I am always amused at how the memory management community hasn't nipped this one in the bud ages ago when the tools to fix it already exist.

Keeping your developers happy

[Aslan72]

The huge problem with McAfee 8.0i has been figuring out a policy that protects from buffer overruns and keeps your developers happy; I've had to loosen the restrictions for those folks because as you put together stuff in vstudio and attempt to debug it, McAfee's Buffer Overrun flags it and doesn't allow it to run :(.

--pete

No Execute = snake oil

[ajs318]

Sorry, but the whole "No Execute" thang is aceite de serpiente, as they say in Madrid. Even the much-vaunted {by people who don't understand it, anyway} Harvard Architecture {i.e. using separate buses for data and instructions, thereby breaking the Neumann principle totally} doesn't work.

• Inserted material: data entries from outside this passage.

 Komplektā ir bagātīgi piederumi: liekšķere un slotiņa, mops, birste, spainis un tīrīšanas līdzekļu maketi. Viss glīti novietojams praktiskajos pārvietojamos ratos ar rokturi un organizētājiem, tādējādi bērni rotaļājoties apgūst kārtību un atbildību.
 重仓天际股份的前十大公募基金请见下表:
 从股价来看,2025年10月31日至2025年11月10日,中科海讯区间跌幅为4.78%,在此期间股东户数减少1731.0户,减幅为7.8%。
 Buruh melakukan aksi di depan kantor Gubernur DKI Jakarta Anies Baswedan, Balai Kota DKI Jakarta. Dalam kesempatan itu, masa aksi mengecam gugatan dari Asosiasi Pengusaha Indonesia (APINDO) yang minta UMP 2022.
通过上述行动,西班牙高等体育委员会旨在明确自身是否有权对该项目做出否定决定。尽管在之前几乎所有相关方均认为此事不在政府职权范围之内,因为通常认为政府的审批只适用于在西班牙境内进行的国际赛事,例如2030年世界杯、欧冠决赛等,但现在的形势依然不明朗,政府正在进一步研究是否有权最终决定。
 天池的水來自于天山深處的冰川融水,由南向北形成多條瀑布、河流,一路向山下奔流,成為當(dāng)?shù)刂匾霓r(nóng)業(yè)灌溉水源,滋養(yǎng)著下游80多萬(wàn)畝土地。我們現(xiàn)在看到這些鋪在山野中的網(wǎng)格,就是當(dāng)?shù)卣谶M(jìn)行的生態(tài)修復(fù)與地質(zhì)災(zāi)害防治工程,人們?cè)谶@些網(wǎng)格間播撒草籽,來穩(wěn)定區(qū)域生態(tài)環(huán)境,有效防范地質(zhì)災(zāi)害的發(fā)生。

If the computer can make some kind of decision based on the content of memory location x, then this is tantamount to x being an executable location.

Now, if you had a "Take no action whatsoever based on the content of this location, in fact, whenever you are asked even to read it, always return the same value" flag -- that might prevent the execution of unwanted code. Chances are your system would also be computationally incomplete.

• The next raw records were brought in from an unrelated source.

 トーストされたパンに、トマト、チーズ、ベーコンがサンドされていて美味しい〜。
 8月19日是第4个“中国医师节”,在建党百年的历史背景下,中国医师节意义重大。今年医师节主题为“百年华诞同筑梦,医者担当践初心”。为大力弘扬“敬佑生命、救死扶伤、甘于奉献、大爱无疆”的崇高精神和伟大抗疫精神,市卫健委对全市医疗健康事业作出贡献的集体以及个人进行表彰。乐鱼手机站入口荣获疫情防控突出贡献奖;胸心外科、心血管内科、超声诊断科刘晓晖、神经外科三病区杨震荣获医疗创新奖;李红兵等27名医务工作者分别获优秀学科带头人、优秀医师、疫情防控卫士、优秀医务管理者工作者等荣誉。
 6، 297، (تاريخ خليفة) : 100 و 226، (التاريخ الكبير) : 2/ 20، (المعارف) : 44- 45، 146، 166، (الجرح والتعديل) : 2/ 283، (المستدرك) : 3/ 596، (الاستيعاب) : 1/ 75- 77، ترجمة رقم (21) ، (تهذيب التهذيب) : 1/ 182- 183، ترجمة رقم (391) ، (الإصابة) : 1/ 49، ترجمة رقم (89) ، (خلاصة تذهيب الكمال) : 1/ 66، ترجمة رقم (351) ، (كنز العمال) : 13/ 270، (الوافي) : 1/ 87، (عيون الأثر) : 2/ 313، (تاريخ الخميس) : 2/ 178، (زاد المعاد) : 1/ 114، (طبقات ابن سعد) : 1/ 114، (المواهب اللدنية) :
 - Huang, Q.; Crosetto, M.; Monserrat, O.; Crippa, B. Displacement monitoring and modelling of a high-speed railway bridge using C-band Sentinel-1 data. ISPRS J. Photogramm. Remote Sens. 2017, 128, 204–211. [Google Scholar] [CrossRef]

As it stands, NX is trivially defeated by persuading the user to install a simple piece of code -- effectively an emulator.

Basically, NX is answering the wrong question. The question that needs to be asked is "How can we best persuade users not to run arbitrary code when they don't know what the hell it does?" My own answer would be for every processor to have its own, unique instruction set; so only code compiled for that one particular individual processor would ever run on it. {Obviously you'd have to have a compatibility mode for bootstrapping, so you could compile the compiler to compile the unique-ified software; but this would have to be accessed by some deliberate hardware action that no software could get around.} I'm sure that is not impossible; but I'm not sure that it's feasible as long as the likes of Microsoft want to do things their way.